Во-первых, мы, очевидно, получаем удовольствие от созерцания чистой концентрированной версии геометрических узоров, которые в разбавленной форме дают нам крохи микроудовлетворения, когда мы пытаемся сориентироваться в окружающей обстановке, сделать ее информативной и подстраиваем свое зрение, чтобы получить более ясную картину этой обстановки. Вспомните раздражение, которое вызывает у нас расплывчатое изображение на экране кинотеатра, и облегчение, которое мы чувствуем, когда киномеханик, опомнившись, поправляет линзу проектора. Размытая картинка напоминает изображение на сетчатке глаза, которую мы получаем, когда имеет место неправильная аккомодация хрусталика. Наше неудовольствие стимулирует процесс аккомодации; удовлетворение сигнализирует о том, что аккомодация прошла успешно. Яркое, четкое, насыщенное, контрастное изображение – будь то на экране дорогого телевизора или на холсте – может вызывать преувеличенную реакцию удовлетворения, которое мы испытываем, правильно подстроив глаза.

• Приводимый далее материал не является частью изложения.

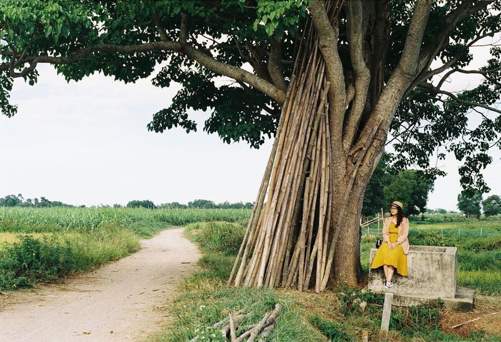 Con đường đất, ruộng mía mênh mông... tại xóm Chùa cũng là những góc check-in hấp dẫn, mang đậm nét làng quê bình dị. Nhiều cặp đôi sắp cưới cũng tranh thủ tới đây để chụp ảnh kỷ niệm. Cây cô đơn trở thành phông nền sống ảo tuyệt đẹp cho bộ ảnh cưới độc đáo.
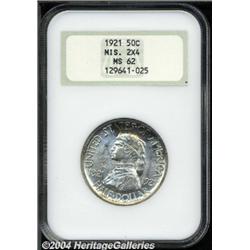 <B>1921<50C> Missouri 2x4 MS62 NGC.</B></I> A crescent of deep brown and blue occupies the upper obverse, the remaining surfaces being mostly brilliant. A few light scattered marks account for the grade. <BR><BR><B>Important notice:</B> Heritage usually auctions material at the rate of 200-250 lots per hour. On some occasions eBay Live bid software or the Internet may not be able to keep up with the pace of the auction. We recommend placing a realistic absentee bid now as insurance to avoid disappointment. Occasionally the auctioneer may eliminate or reject an eBay Live bid, and the auctioneer may also reopen a lot after the close of the eBay live bidding (usually because we missed an audience bid), and may reject your bid even if it shows you as the winning bidder. By bidding via eBay Live, you agree that Heritage may award the lot to another bidder at its sole discretion under the circumstances described above or any other reasonable circumstances. Since eBay bids are not shown to us until we open the lot on the floor, we treat those bids just like floor bids. In most cases the floor responds before the eBay bid is presented to us, due to Internet lag time, so for consistency we have made it a policy that floor bids are always considered first over tie eBay live bids. Also please note that all Heritage lots purchased through eBay Live carry a 20% Buyer's Premium. Please make sure you read the Terms and Conditions before you bid.
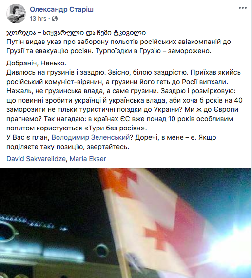 "Смотрю на грузин и завидую. Конечно, белой завистью. Приехал какой-то российский коммунист-верующий, а грузины его прочь в Россию выпихнули. К сожалению, не грузинские власти, а именно грузины. Завидую и размышляю: что должны сделать украинцы и украинская власть, чтобы хотя бы лет на 40 заморозить не только туристические поездки в Украину? Мы же в Европу стремимся? Так напомню: в странах ЕС уже более 10 лет особым спросом пользуются "Туры без русских". У Вас есть план, Владимир Зеленский?" - пишет Стариш в Facebook.
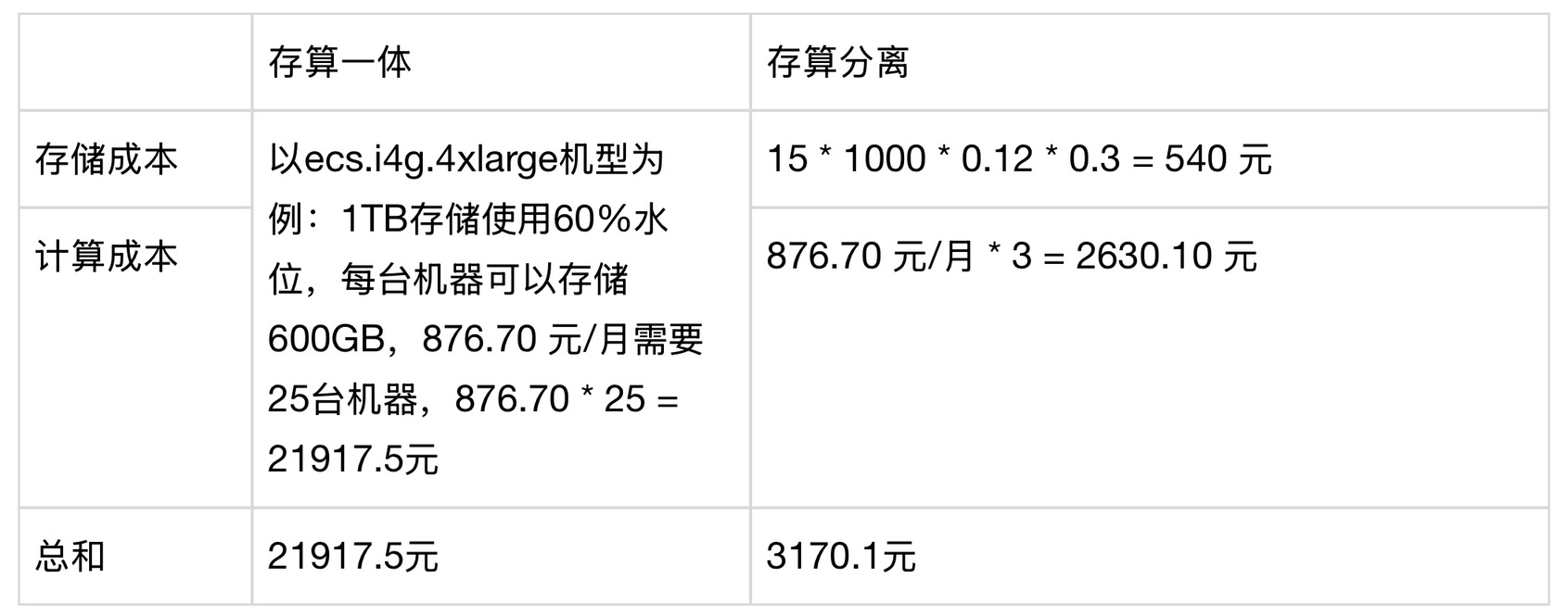 在两轮业务方的虎克平台中,单表日写入量约 1TB。为应对高数据量写入与存储成本问题,团队采用存算分离构,以阿里云 OSS 作为底层存储介质。测算结果显示,与存算一体架构相比,整体成本下降超过 80%:
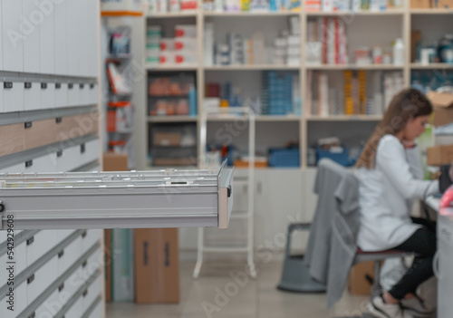 Farmacéutica haciendo un pedido de medicamentos, en el almacén con cajoneras.
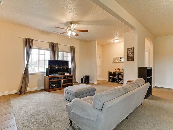 Spacious home on 6.8 acres of flat land. Home includes 4 large bedrooms, 2.5 bathrooms, and lots of storage. Enjoy entertaining on your expansive covered deck. Beautiful views of Mt. Hood from this property. Huge 2,656 sq ft shop (32x83) with concrete floors, 220V,plumbing, and heated office space. Livestock barn with loafing area. Mature fruit trees and fenced garden area. Great location with easy HWY access. Only minutes to golf course and the Barton/Carver boat ramp. Agent related to seller.
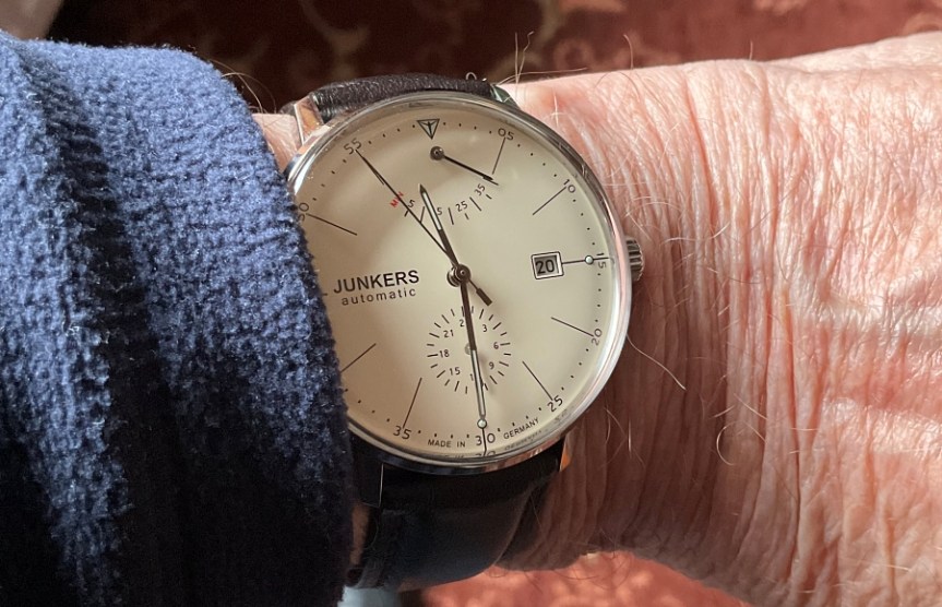 The watch appears to have a close resemblance to the Max Bill series that I also like in that it shares the elegant yet simple dial layout which is uncluttered and practical. The 20 mm strap is slightly thinner than my previous Junkers and is of amazingly good quality, being of a high quality soft leather. Regarding the holes available and my smallish 165 mm wrist, it’s a neat fit on my smallish 165mm diameter wrist.

С другой стороны, нас расстраивает и даже пугает, когда мы созерцаем окружающую обстановку в неблагоприятных для зрения условиях – издалека, ночью, через туман, толщу воды или листву – и когда мы не можем разобрать, что перед нами находится: например, не знаем, яма перед нами или кочка, когда одна поверхность заканчивается и начинается другая. Холст, который четко разделен на сплошные формы и непрерывные фоны, может вызвать преувеличенное ощущение сокращения беспокойства, которое мы испытываем, находя условия наблюдения, в которых поле зрения можно разделить однозначно на поверхности и объекты.

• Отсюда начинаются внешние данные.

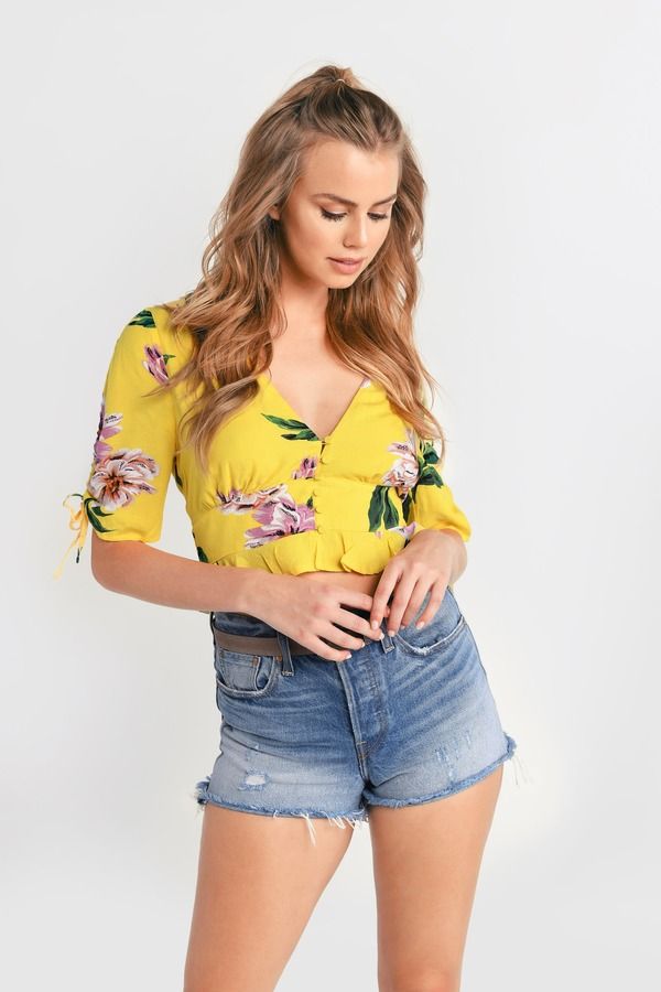 Fall in love with the Catching Feelings Floral Blouse in Yellow Multi! This dreamy blouse features a charming floral pattern, a front toggle closure, and cinched sleeve detailing for a flirty touch. The ruffled hem adds a playful finish, all crafted in a lightweight rayon weave. Perfect for casual days or brunch dates, pair it with your favorite denim or a cute mini skirt for a fun, fresh look!
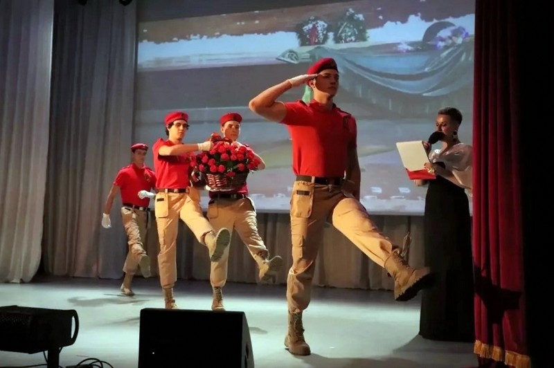 В рамках торжественного мероприятия, проходившего в районном Доме культуры, юнармейцы вынесли цветочную корзину для возложения у Мемориала.

Наконец, мы находим одни части окружающего мира привлекательными, а другие – угнетающими, поскольку они могут передавать информацию о необычных, нетривиальных, значимых объектах и силах. Представьте, что все, что находится перед вашими глазами, собрали большим ковшом, положили в гигантский блендер, запущенный в режиме ПЮРЕ, и полученную кашицу вылили перед вами на землю. Сцена уже не содержит ничего интересного. Ни еды, ни хищников, ни укрытий, ни точек обзора, ни инструментов, ни сырья – все перемолото в кашу. Как выглядит сцена? В ней нет ни линий, ни форм, ни симметрии, ни повторов. Она грязно-коричневого цвета – помните, какой цвет получался, когда вы, будучи ребенком, смешивали все краски? Здесь не на что смотреть, потому что ничего и нет. Этот мысленный эксперимент показывает, что серость и однообразие соответствует среде, в которой нет ничего интересного, а ее противоположность – визуальное подобие пиццы – соответствует среде, которая содержит объекты, заслуживающие внимания. Таким образом, в нас заложена склонность к недовольству невыразительными, однообразными сценами и стремление к разноцветным и разнообразным сценам. И мы нажимаем на эту кнопку удовольствия, используя яркие искусственные цвета и узоры[621].

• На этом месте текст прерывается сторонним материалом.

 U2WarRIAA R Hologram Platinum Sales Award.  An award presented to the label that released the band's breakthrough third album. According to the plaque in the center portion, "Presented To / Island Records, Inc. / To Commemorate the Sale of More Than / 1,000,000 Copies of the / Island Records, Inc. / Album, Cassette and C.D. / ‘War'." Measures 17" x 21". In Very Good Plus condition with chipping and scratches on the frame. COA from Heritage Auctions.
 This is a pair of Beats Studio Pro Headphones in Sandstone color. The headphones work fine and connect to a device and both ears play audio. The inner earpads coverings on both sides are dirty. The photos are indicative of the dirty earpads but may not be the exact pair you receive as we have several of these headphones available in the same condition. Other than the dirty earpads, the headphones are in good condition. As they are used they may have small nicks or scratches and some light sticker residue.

Музыка – это загадка. В пьесе «Много шума из ничего» Бенедикт спрашивает: «Не странно ли, что овечьи кишки вытягивают душу человеку?»[622] Во всех культурах определенные ритмичные звуки доставляют слушателям сильное удовольствие и пробуждают искренние чувства. Какая же польза может быть в том, чтобы тратить время и энергию на то, чтобы производить бренчащие звуки, или в том, чтобы испытывать грусть, когда никто не умер? Было сделано немало предположений: музыка сплачивает социальную группу, помогает координировать движения, подчеркивает значимость ритуальных действий, помогает снять напряжение, – но все они проходят мимо загадки, не объясняя ее. Почему ритмичные звуки сплачивают группу людей, снимают напряжение и так далее? С точки зрения биологических причинно-следственных связей, музыка бесполезна. Ничто в ней не говорит о том, что она предназначена для достижения определенной цели – долгой жизни, большого количества внуков или точного восприятия и прогнозирования событий в мире. По сравнению с языком, зрением, общением, знаниями о закономерностях физических явлений, музыка вполне могла бы исчезнуть из жизни нашего вида, и наш образ жизни остался бы практически неизменным. По-видимому, музыка – чистейшей воды технология удовольствия, коктейль из легких наркотиков, которые мы потребляем через орган слуха, чтобы стимулировать сразу большое количество зон удовольствия[623].